My question for OCR automation is always which digits within the numbers being read are allowed to be incorrect?
It feels unbelievable that in Europe literacy rate could be 10% of lower. Then I look at documents even as young as 150 years... fraktur, blackletter, elaborate handwritting. I guess I'm illiterate now.
Hopefully next generations will feel the same about legal contracts, law in general, and Java code bases. They're incomprehensible not because of fonts but because of unfathomable complexity.
Which Europe and which century do you live in where literacy rate is below 10%?
Speaking about the past centuries.
You can learn fraktur or blackletter in a day and cyrillic in a few days, if you already know the latin alphabet.
> learn fraktur or blackletter in a day and cyrillic in a few days
Not a chance, sorry.
Why? The former are just different typefaces (I learned to read them by myself when I was 10 while looking at our old books) and the latter I sort of picked up while travelling through Serbia and Bulgaria (I don't speak the languages).
The writing is on the wall for handwriting. Zoomers use speech recognition or touchscreen keyboards, millennials use keyboards. Boomers use pens
Silly comment. Handwriting is proven to be correlated with much better memory retention, which ultimately means much greater degree of association with existing memories and the creation of novel ideas.
"The comparison between handwriting and typing reveals important differences in their neural and cognitive impacts. Handwriting activates a broader network of brain regions involved in motor, sensory, and cognitive processing, contributing to deeper learning, enhanced memory retention, and more effective engagement with written material. Typing, while more efficient and automated, engages fewer neural circuits, resulting in more passive cognitive engagement. These findings suggest that despite the advantages of typing in terms of speed and convenience, handwriting remains an important tool for learning and memory retention, particularly in educational contexts."

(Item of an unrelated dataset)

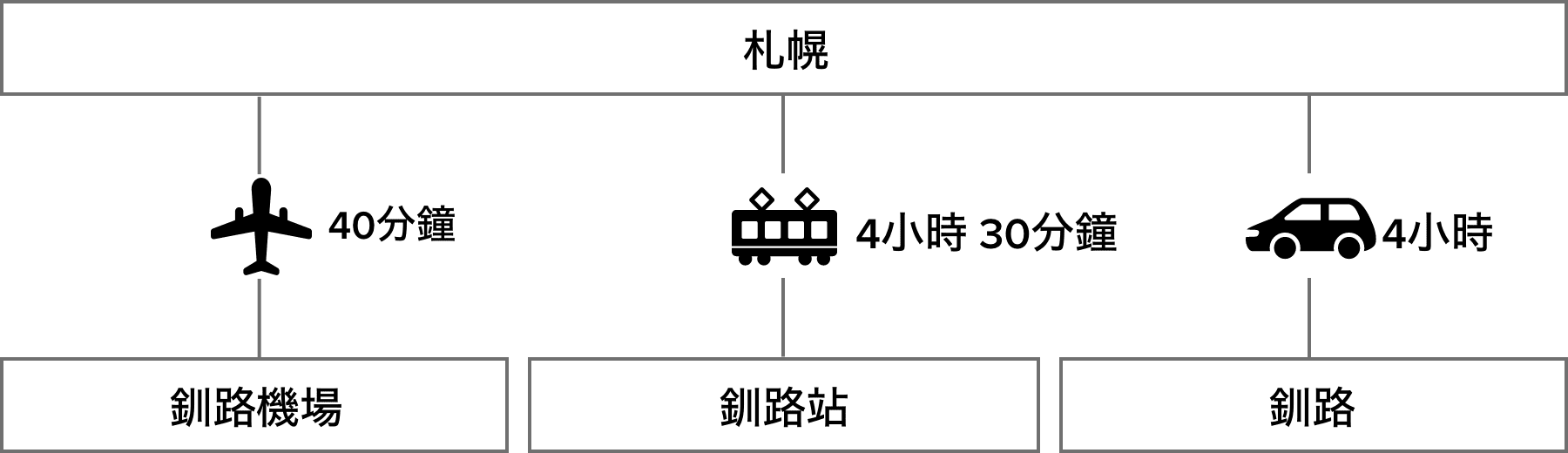 有許多日本國內班機往返於札幌的新千歲機場、丘珠機場以及釧路機場(約 40 分鐘)。若想選擇列車,則可從札幌站搭乘 JR 超級大空號特急列車前往釧路站(約 4 小時 30 分鐘)。若從札幌開車出發,經收費公路前往釧路,車程約為四小時。

https://pmc.ncbi.nlm.nih.gov/articles/PMC11943480/
You are literally handicapping yourself by not thinking with pen and paper, or keeping paper notes.
The future is handwriting with painless digitization for searchability, until we invent a better input device for text that leverages our motor-memory facilities in the brain.
This paper just says that handwriting requires more cognitive load?
Which is exactly my experience with handwriting through my school years. When handwriting notes during lectures all focus goes to plotting down words, and it becomes impossible to actually focus on the meaning behind them.
I call out the Lindy effect. Handwriting survived printed characters, typewriters, and the last 50-70 years of computers and keyboards, it will survive this too.
I love how you fit right into the current meme that Gen-X never gets mentioned.